Après deux semaines de missions forcées, alors qu'il ne pouvait porter son arme et que "des vers" grouillaient dans la plaie, il a été autorisé à se faire soigner à l'arrière.
Quelques semaines plus tard, malgré les lourdes pertes déjà enregistrées, l'armée russe a pourtant envoyé Erik au même endroit, sans changer de tactique, se désespère-t-il.
Sur 24 hommes engagés dans l'opération, seuls trois sont parvenus à traverser le champ, raconte Erik: un Pakistanais qui a fini avec "les deux jambes brisées", un Russe "le ventre ouvert" et lui-même, sorti miraculeusement indemne de cette épreuve.
L'homme de 37 ans dit avoir ensuite été touché à un bras par un premier drone ukrainien, alors qu'il partait chercher du ravitaillement, puis à une jambe par un second engin.
Moses a lui aussi été déployé à Vovtchansk, où les membres de son unité l'ont abandonné avec un compatriote kényan au milieu d'une forêt, explique-t-il. Il a ensuite rejoint une autre unité russe de "chasseurs de drones".
- "Honte" -
Mark raconte avoir été gravement blessé mi-septembre à une jambe par une grenade lâchée par un drone ukrainien. Son épaule gauche est constellée de cicatrices. Lui ne sait même pas où il a manqué de mourir.
Les trois blessés ont été hospitalisés dans plusieurs hôpitaux russes, le dernier à Moscou, d'où ils se sont enfuis séparément jusqu'à l'ambassade kényane qui les a aidés à rentrer chez eux.
Moses, ressorti indemne physiquement de quatre mois sur le front ukrainien, a réussi à déserter de son unité en décembre, avant de rentrer au Kenya avec l'aide desautorités kényanes.
Depuis leur terre africaine, les quatre hommes confient être traumatisés, inquiets au moindre bruit. Moses s'effraie du vol d'un oiseau ou à la vue d'une forêt. Mais tous savent leur chance d'avoir été épargnés par une guerre qu'ils n'auraient jamais voulu connaître.

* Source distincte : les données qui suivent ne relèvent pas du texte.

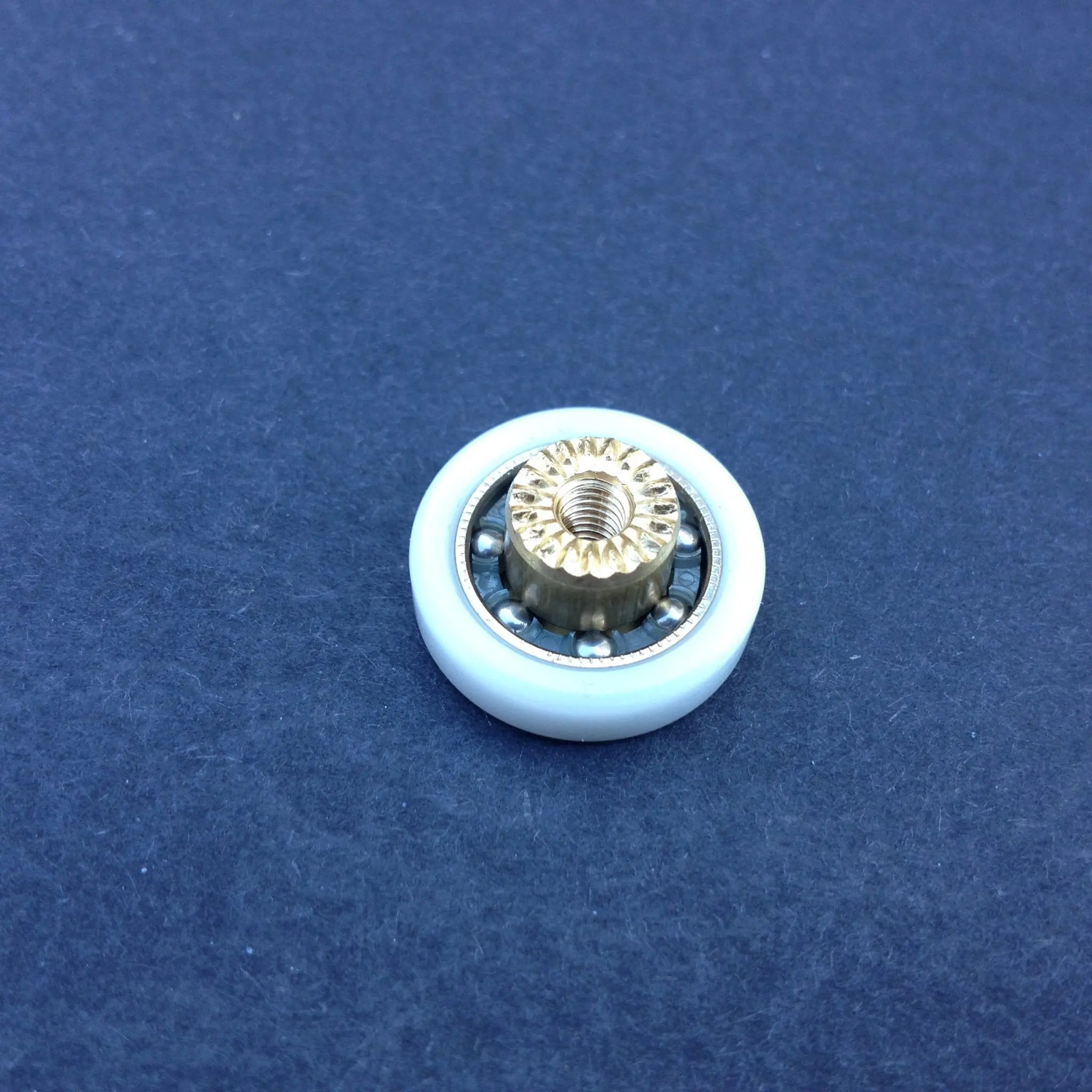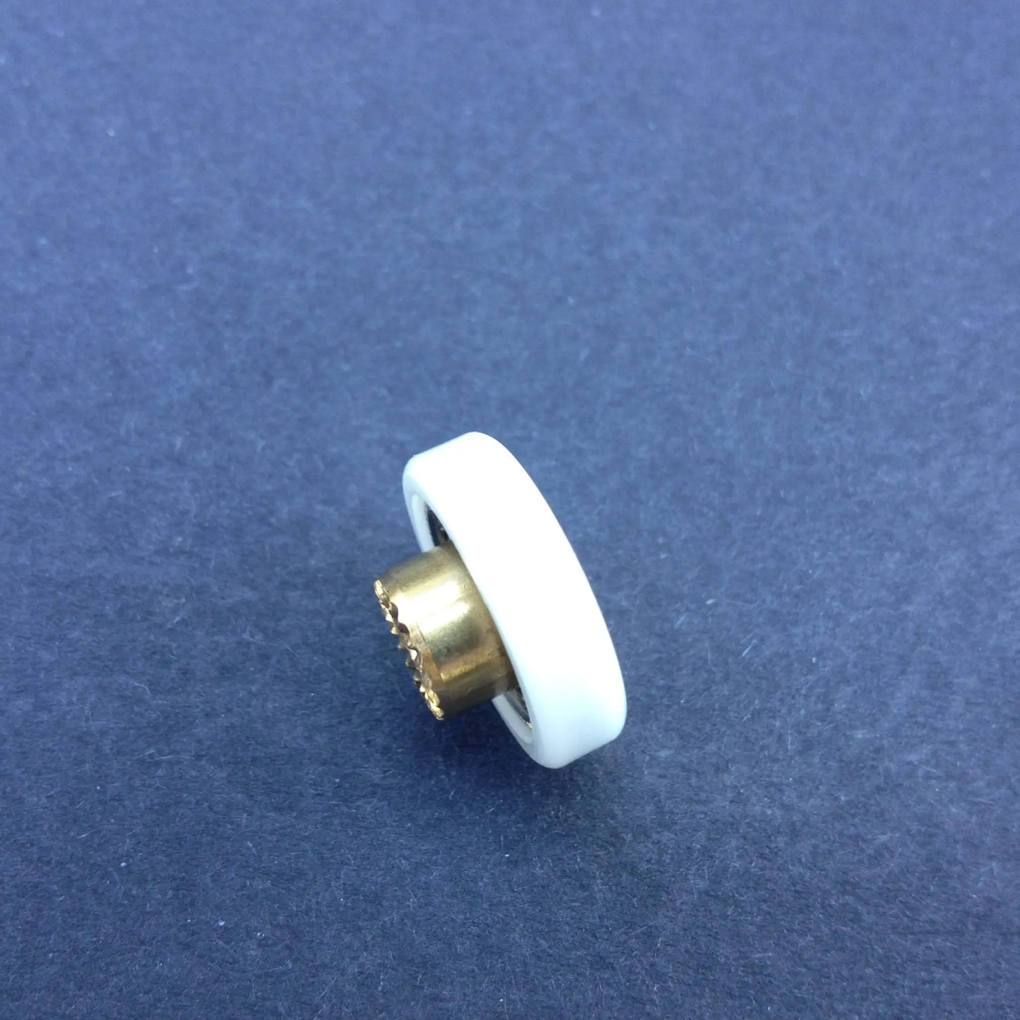Roulette droite simple pour porte coulissante de cabine de douche. Vendue à l’unité, cette roulette se compose d’un corps en laiton. Le bandage plat de la roulette est en téflon, recouvrant un roulement à billes étanche en acier inoxydable. Le choix et la qualité des matériaux employés offrent une utilisation optimale de confort, limitant ainsi le frottement et le bruit lors de la manipulation de la porte.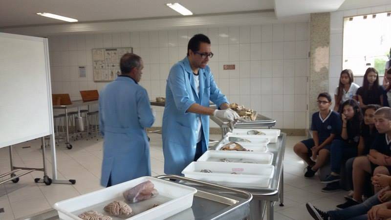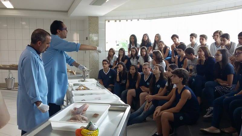 Os alunos do 9º ano tiveram a oportunidade de aprender sobre a anatomia humana, os principais órgãos do corpo humano, o funcionamento e a interação entre eles. Fizeram um passeio pelo sistema nervoso, cardiorrespiratório, urinário, reprodutor, observaram algumas doenças apresentadas nas peças anatômicas para entender a importância da medicina legal na investigação da causa morte.

Un nombre encore inconnu de familles kényanes ne peut en dire autant. Grace Gathoni, mère désormais veuve de quatre enfants, a appris fin novembre que son mari Martin qui pensait devenir chauffeur en Russie, y est mort en soldat. Moscou a "détruit ma vie", sanglote-t-elle.
Charles Ojiambo Mutoka, 72 ans, a de son côté su en janvier que son fils Oscar avait péri au mois d'août précédent. Sa dépouille repose, dit-il, à Rostov-sur-le-Don, ville du sud russe, près de la frontière ukrainienne.
Les autorités russes devraient "avoir honte d'avoir emmené sur la ligne de front un Africain qui n'est pas concerné par cette guerre", enrage-t-il
Et d'ajouter: "Nous, nous combattons seulement dans nos propres guerre et ne demandons pas aux Russes de se joindre à nous, jamais. Alors pourquoi prennent-ils nos fils?"